As individuals age, significant changes occur in their
immune system, particularly in T cell populations. There is a notable increase
in memory T cells but a decrease in naïve T cells. This shift suggests that
while the body retains a memory of past infections, its ability to mount robust
responses to new pathogens or vaccines may diminish. Furthermore, the overall
numbers of T cells, including both CD4+ and CD8+ subsets, decline with age.
This reduction in T cell diversity and quantity can lead to decreased immune
function and heightened vulnerability to infections. These age-related changes
in the immune system, characterized by altered T cell dynamics, underscore the
importance of understanding immune ageing to develop strategies that can bolster
immunity in older adults and mitigate age-related susceptibility to diseases.
As people age, the diversity of T cell receptors decreases.
This reduction is more prominent in CD8+ T cells compared to CD4+ T cells.
Additionally, T-cell responses to both mitogens and antigens diminish with age.
This decline is caused by various internal and external factors, such as
defects in presenting antigens, signalling pathways, and cytokine production.
Genes involved in immune response, particularly HLA genes,
play a crucial role in enabling the immune system to effectively combat
infections.

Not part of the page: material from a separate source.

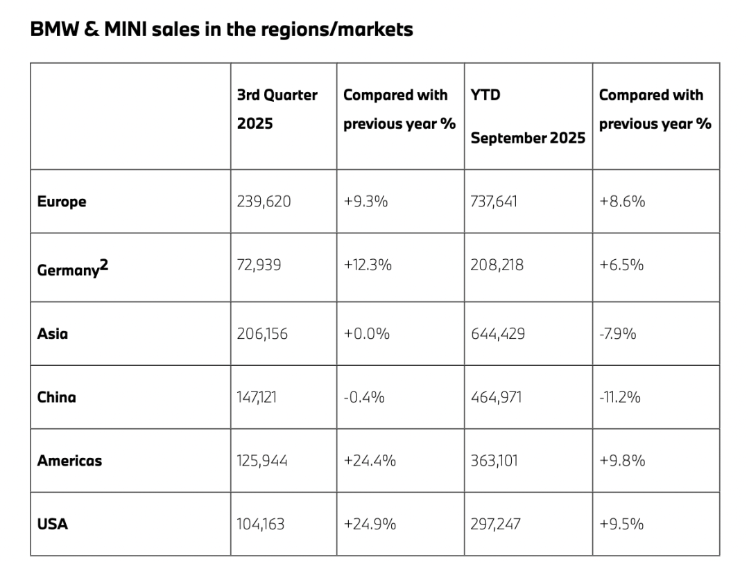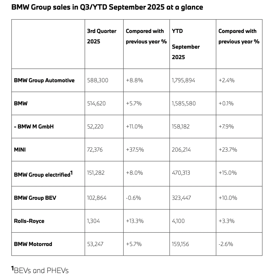 - 2025第三季度寶馬集團(寶馬+MINI+勞斯萊斯)繼續保持增長態勢,交付量同比上升8.8%,達588,300輛

Various HLA haplotypes can influence mortality rates and lifespan.
Immunosenescence is further complicated by ageing of the endocrine and nervous
systems. This includes not only declining immune function but also changes
associated with ageing of neural and endocrine systems, as well as their
interactions.
The result of these factors is a compromised immune system
in elderly individuals. This manifests as a reduced ability to fight microbial
infections effectively, leading to higher susceptibility to diseases such as
tuberculosis, pneumonia, urinary tract infections, septicemia, influenza,
rhinovirus, and cytomegalovirus. Additionally, the ageing of the neural and
endocrine systems further contributes to immune system decline, impacting
overall health and potentially increasing mortality rates among the elderly.